TASK TO COMPLETE >> Print, word for word, the line containing "第171回 工場直売大成麺市場は12月27日(土)17−19時、28日(日)10−16時 本社工場内特設会場で開催予定です。" and all lines beneath it to the end of the entries below. Pictures do not belong in the copy.

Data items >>

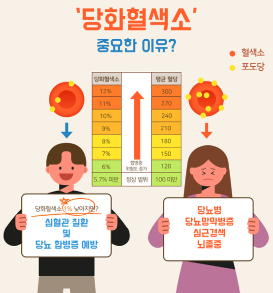 이 수치는 최근 몇 개월간의 평균 혈당 상태를 보여주기 때문에, 단순한 혈당 측정보다 장기적인 혈당 조절 여부를 파악하는 데 더 효과적인 검사입니다.
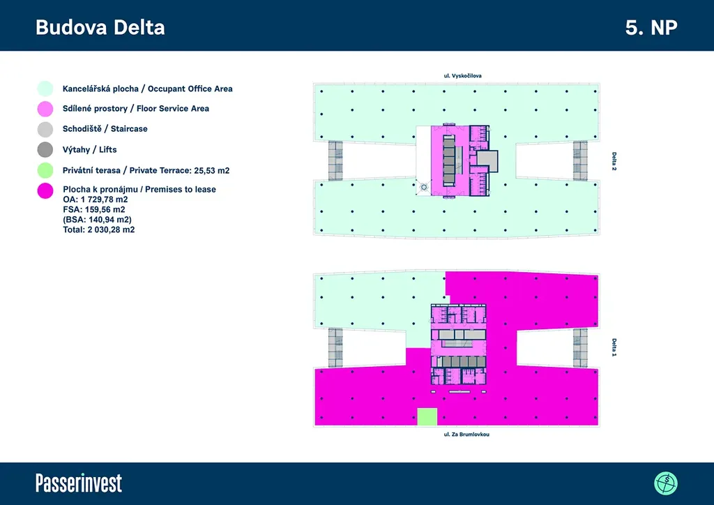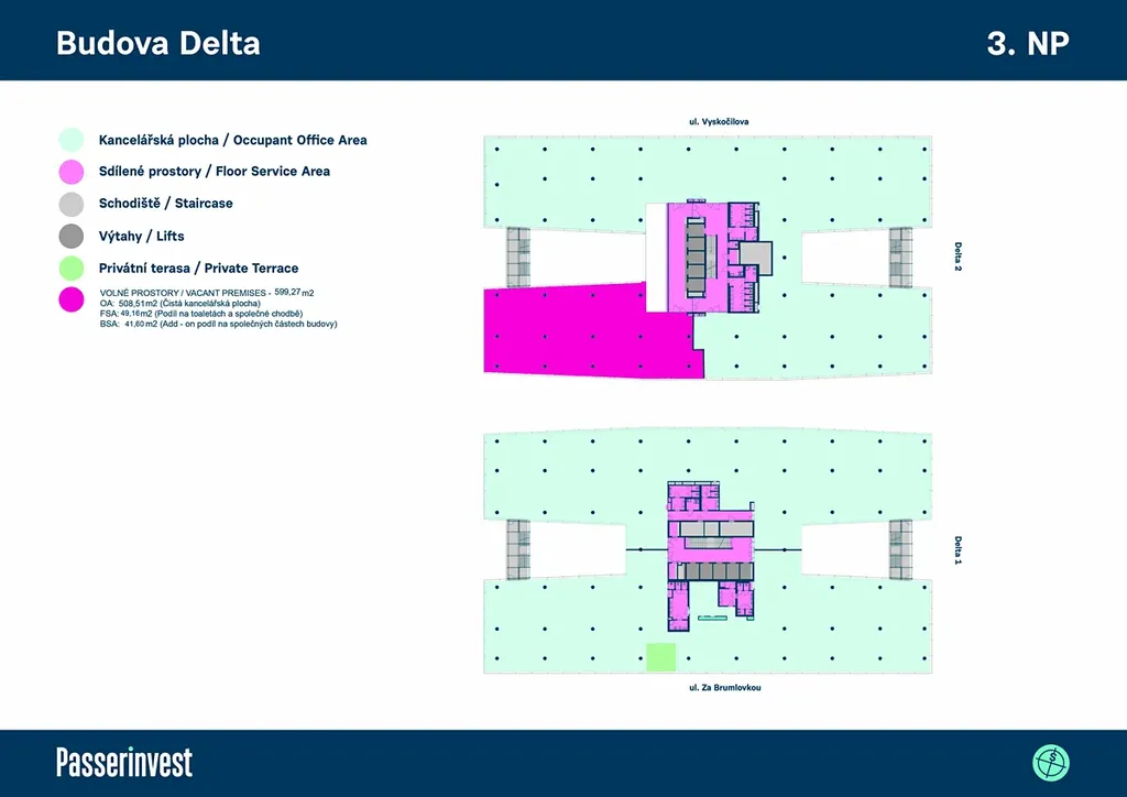 Nabízíme na pronájem prvotřídní kancelářské prostory o celkové ploše 1 320 m2 v 7. nadzemním podlaží administrativní budovy Delta, Za Brumlovkou 1559/5, Praha 4 – Michle. Prostory ve stávajícím fit outu jsou k dispozici ihned, úpravy možné dle dohody. Další prostory ihned k pronájmu v této budově se nacházejí v 5. NP (2 030 m2 – fit out) a ve 4. NP (599 m2 – open plan). Ve stávajícím fit outu jsou pak od května 2026 také k dispozici prostory ve 3. NP o ploše 915 m2. Delta, která je součástí lokality Brumlovka, má celkovou pronajímatelnou plochu 40 800 m2 v 8 nadzemních podlažích a 880 parkovacích míst v 5 podzemních podlažích. Nachází se v místě ohraničeném hlavní třídou Vyskočilova a ulicemi Václava Sedláčka a Za Brumlovkou. Deltu tvoří dvě samostatné budovy s velmi efektivním půdorysem ve tvaru dvou písmen H. Delta je navržena s maximálním ohledem na životní prostředí, k dispozici nájemcům jsou prostorné střešní terasy s bohatou zelení a relaxačními zónami. Západní část budovy lemuje zelený pás s umělým říčním korytem, na jižní stranu objektu volně navazuje Park Brumlovka. V přízemí budovy je restaurace a veřejná kantýna. Delta má vynikající dopravní dostupnost: autobusová zastávka přímo před budovou (dvě zastávky ke stanicím linky trasy C – Budějovická a Kačerov), přímé napojení na Pražský okruh a dálnici D1. Široká nabídka obchodů a služeb v lokalitě Brumlovky (restaurace, kavárny, veřejné kantýny, supermarket Albert, drogerie, zdravotnická zařízení, fitness a wellnes Balance Club Brumlovka, čistírna…), parky pro odpočinek a relaxaci a Náměstí Brumlovka s vodními prvky a posezením, kde se konají pravidelně trhy a společenské a kulturní akce. K hlavním nájemcům budovy Delta patří společnosti Hewlett Packard, HP INc. a Microsoft.
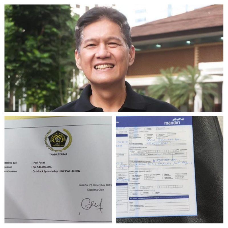 Cashback untuk pihak BUMN dibuat tanda terimanya tanggal 29 Desember 2023. Dalam kuitansi jelas tertera “Untuk pembayaran cashback UKW PWI – BUMN.”
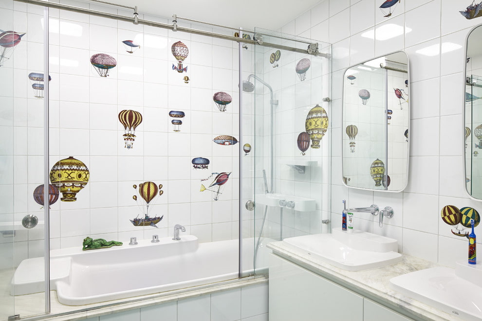 For the bathroom and toilet, decorative elements should be used, which, first of all, are moisture resistant and are not afraid of temperature changes. The simplest and most practical option will be various stickers, mirrors, they go well with the tiles.
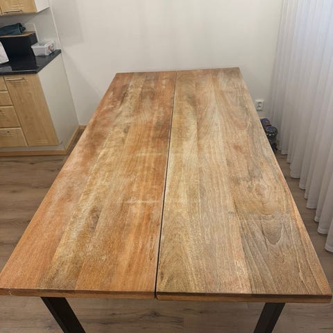 Massiivipuuta oleva lankkupöytä mittatilaustyönä tilattu pienyrittäjältä. Ollut minulla käytössä noin 5 vuotta joten pientä käytön jälkeä on mutta ei mitään kummempaa.
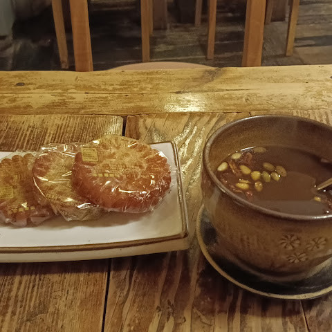 비 오는 날 정말 맛있었어요. 꿀 쿠키는 생각보다 양이 많았고, 너무 달았어요. 주문한 차와 함께 먹으면 딱 좋았어요. 안에는 한국 전통 좌식 공간이 있었어요.
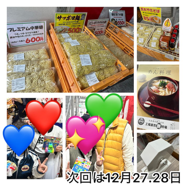第171回 工場直売大成麺市場は12月27日(土)17−19時、28日(日)10−16時 本社工場内特設会場で開催予定です。
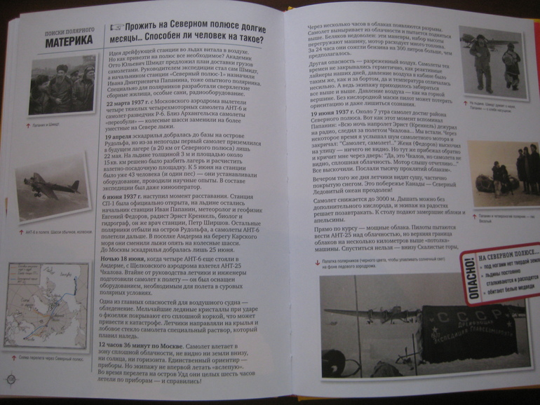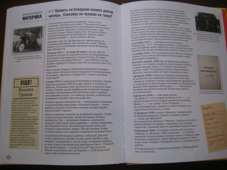 А также о знаменитой папанинской экспедиции - на дрейфующей полярной станции "Северный полюс-1" - и не менее знаменитом беспосадочном перелете Чкалова через Северный полюс в Америку:

YOUR RESPONSE >>
第171回 工場直売大成麺市場は12月27日(土)17−19時、28日(日)10−16時 本社工場内特設会場で開催予定です。
 А также о знаменитой папанинской экспедиции - на дрейфующей полярной станции "Северный полюс-1" - и не менее знаменитом беспосадочном перелете Чкалова через Северный полюс в Америку:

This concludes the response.